Normally – if a string should break during play, then the remaining strings will lose their fight against the tremolo spring, which will then pull everything sharp. In the middle of play – that’s potentially a disaster. However – by ducking the strings flat with the tremolo, and then sliding the lock switch over to the “engaged” position again – the “shelf” provided by the lock button acts as a stop exactly at the position of equilibrium. In fact – the tremolo spring itself pulls the block solidly up against the stop, and the remaining strings are returned to tune, and intonate properly. It’s simple, but accurate. Furthermore, although it means that you can’t pull notes sharp with the tremolo – you can still duck the tuning. Just as long as you gently release the tremolo again afterwards. (Let it go, and it’ll knock back against the stop with an audible bump).
The only rules of the tremolo lock are, firstly, you can only set the equilibrium point after every other perameter has been fixed. Change anything, and you need to reset the reference point. Secondly, after setting the lock button position – the button should be set to the open, unlocked postion, for regular play.
Finally – I fish out my chosen Souldier strap, and set about checking the instrument over in play. This re-visits just about all of the setup points, but I can now make any required changes to the pickup heights, check the tuning stability and revist the playing action, from a more practical point of view.
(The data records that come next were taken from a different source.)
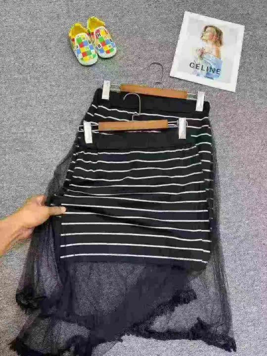 夏季休闲新款高腰松紧半身裙显瘦条纹网纱裙,独立包装...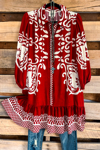 Jersey Girl 2 Piece Dress - Crimson (Scarf Tunic)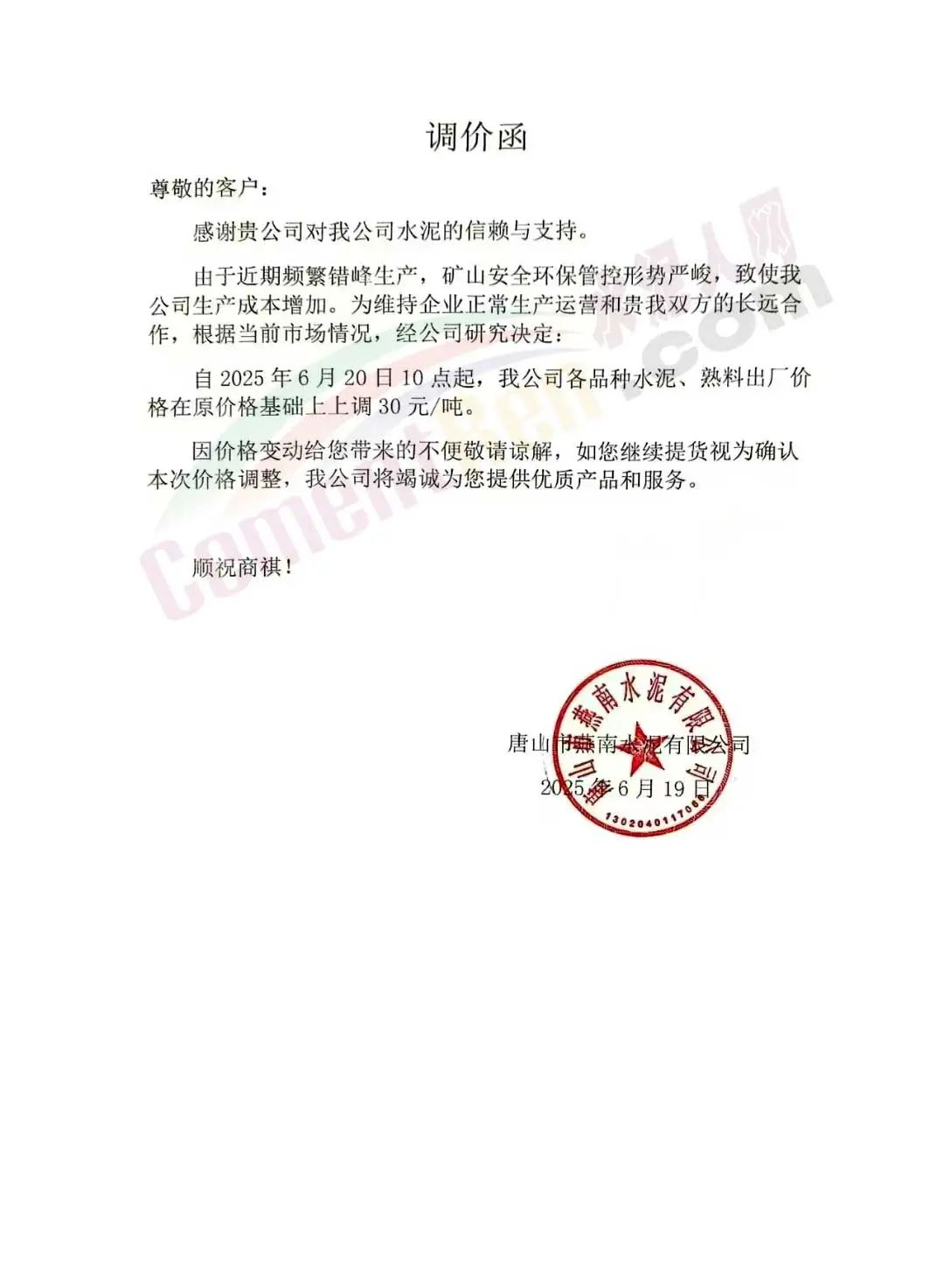 唐山市燕南水泥有限公司通知,由于近期頻繁錯峰生產(chǎn),礦山安全環(huán)保管控形勢嚴峻,致使公司生產(chǎn)成本增加。為維持企業(yè)正常生產(chǎn)運營,根據(jù)當前市場情況,經(jīng)公司研究決定:自2025年6月20日10點起,公司各品種水泥、熟料出廠價格在原價格基礎(chǔ)上上調(diào)30元/噸。

I check again that there’s no extraneous buzzing or rattling from the strings or the bridge, and make a few, small adjustments to the string heights so that they feel right to my fingers – even if they’re dropped below the original settings. Finally, I reset the tremolo lock button, and slide it across to the “unlocked” position.
Providing the setup feels and sounds right – and providing the strings intonate correctly, don’t ground out anywhere on the upper frets, and hold their tuning, even after using the tremolo – I’m calling it a success. Setting an instrument up is all about finding it’s internal balance. Following a predictable procedure, and setting perameters to standard, recommended settings is key – but just gets you to a point where you can begin to make the fine adjustments which eventually personalise the instrument to your particular way of playing, and the sound you want to make with it.